I watched the sun set from the Roman bridge, and I saw a bit of the supermoon, although it was hard to capture a picture of it.
My camera doesn’t like moon pics.
Sunday morning, I went to the Cueva de Salamanca (the Cave of Salamanca), where legend has it the Devil gave lessons in evil. I saw no traces of Lucifer, thankfully (and that part of the legend escaped me until just now while researching the cave!) Today you can climb some steps for some precious views of the city.
Next, I went to the Parador, which didn’t impress me much. I took advantage of exploring the area near the river more. I stopped at a bar-café, Mordiscos I believe, and the waiter happened to be from Bilbao. Although I don’t support the local team (I am a diehard culé (Barça supporter) along with my #1 team, València CF), whenever I see an Athletic item, I have to ask. I do like how Athletic will only sign players from the Basque region, and I believe La Liga would be more interesting with Spanish-only players (I do like Messi and don’t mind Suarez, but I am so sick and tired of the antics of Neymar and especially Cristinao Ronaldo.) I digress. I had a relaxing café con leche here and read a while before having lunch at the same restaurant I ate at five years ago, Don Quijote.
The Don Quijote restaurant has some amazing ambiance, and the food is quite good too. For those complaining that Spain doesn’t have vegetables, I had a delicious salad that also included peaches. (I never was a fan of veggies until I moved to Spain).
Salamanca left a better second impression than a first.
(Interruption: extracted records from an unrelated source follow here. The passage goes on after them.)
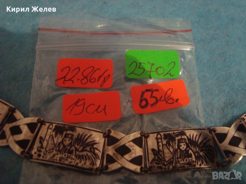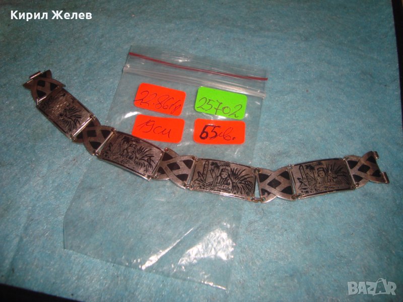 СТРАНА на ПРОИЗХОД - КРАЛСТВО МАРОКО. ХАЛКИЧКИТЕ, с КОИТО са СЪЕДИНЕНИ ОТДЕЛНИТЕ ПЛОЧКИ са СТОМАНЕНИ за ПО-ГОЛЯМА ЗДРАВИНА! Пускам ГОЛЯМА СЕРИЯ от най-разнообразни СРЕБЪРНИ БИЖУТА - украшения, кръстчета, медальони, пръстени, обеци, колиета, брошки, гривни, гердани и други най-различни; повечето са от СРЕБРО , има и няколко посребрени, позлатени, бронзови, медни, неръждаема стомана, САЧАН , и други подобни ювелирни материали и изделия, както и много от тях са инкрустирани със скъпоценни или полускъпоценни камъни. Има много нови, както и старинни, ретро, арт, ръчна изработка, ВЪЗРОЖДЕНСКИ и други колекционерски интересни неща. Някои са подходящи и за хенд-мейд материал. Почти всички са в отлично състояние, снимките ги ОНАГЛЕДЯВАТ! Изпращам по Еконт и Спиди винаги с Опция Преглед и Тест и Отстъпка-транспорт.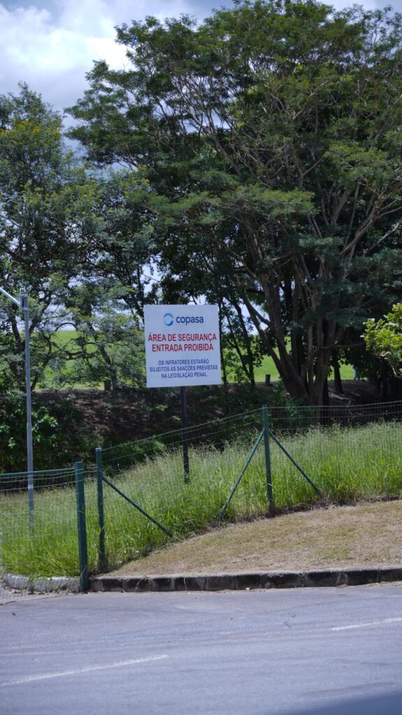 Placa da COPASA, fornecedora de água de Belo Horizonte, com os dizeres “Área de Segurança” e “Entrada Proibida” em Belo Horizonte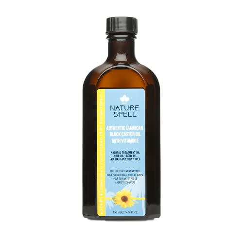 Nature Spell Authentique huile de ricin noire de Jamaïque avec vitamine E pour cheveux et corps 150 ml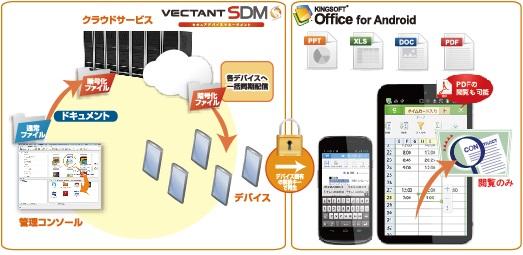 今回ご提供する「KINGSOFT Office for Android SDM ver.」は、「VECTANT SDM」ログイン時にのみ起動することができるオフィス文書閲覧専用アプリとしてカスタマイズされています。また、「VECTANT SDM」のコンテンツ配信機能と組み合わせることにより、各端末にワード・エクセル・パワーポイントなどのオフィス文書を安全に配布し、閲覧することが可能となり、スマートフォンやタブレット端末の業務導入ハードルが下がります。本サービスで提供する主な特徴は下記の通りです。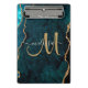 Chic Teal Gold Glitter Agate Custom Monogram Mini Clipboard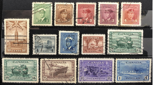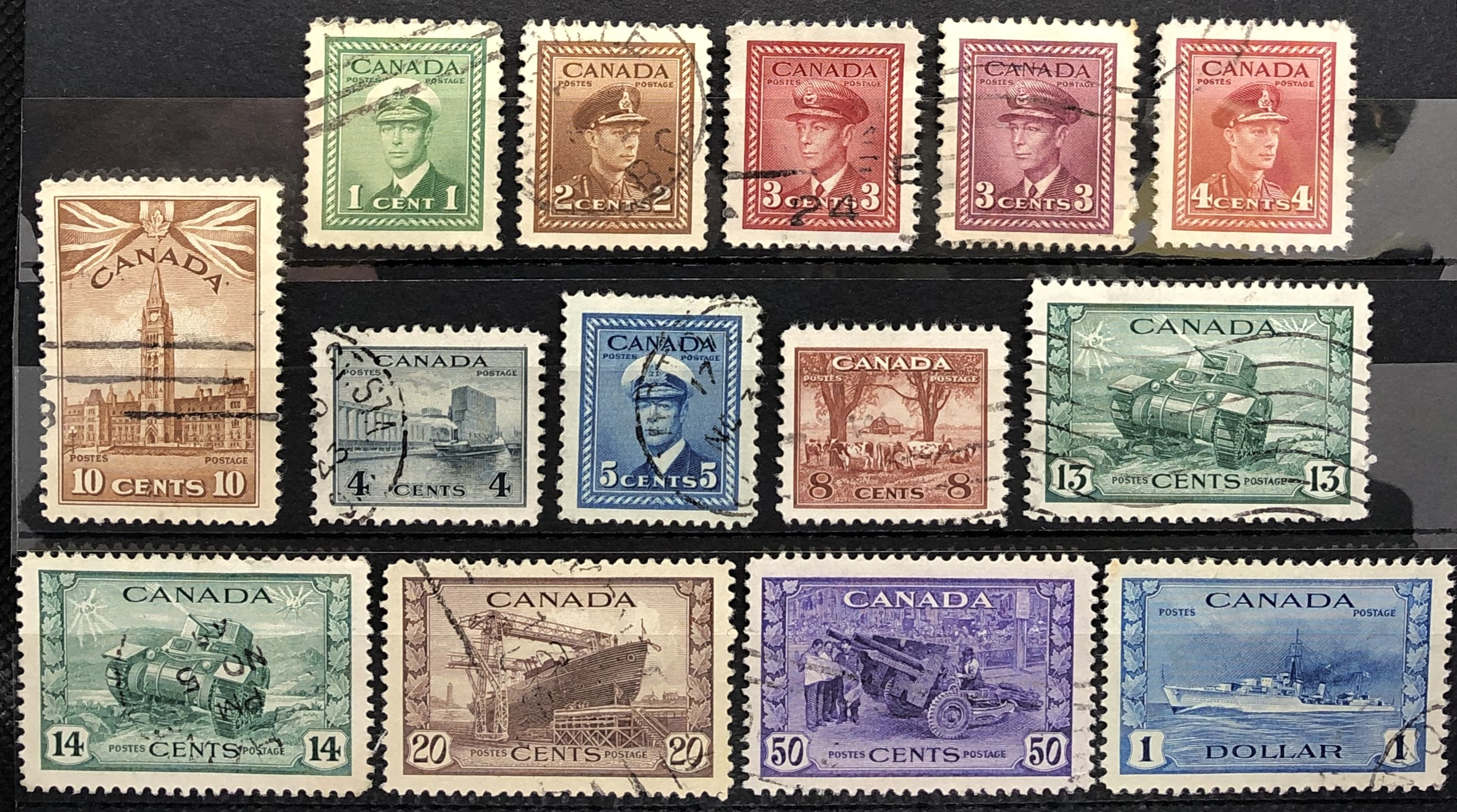 King George V, Grain Elevators, Farm Scene, Parliament Buildings, "Ram" Tank, Corvette, Munitions Factory, Destroyer, 1942-43. Complete set of 14.

When they had told me it was a “Granada del norte” (Granada of the north), I had my hopes high. If you say a city is a “Granada” of a place, you raise the bar so high it is impossible to reach. This time, with lower expectations, I got more out of my visit to the city.
That said…I still prefer Ávila and believe it is my favourite capital of Castilla y Léon, but Segovia, León and Burgos are pretty stiff competitors.
When I moved to Spain, one of my professors told me to spend a night in Ávila and another on Salamanca whenever I visted these two cities. I finally listened…por fin, le hice caso. The moral of the story, as he would say, is don’t marry a loser and listen to your professors.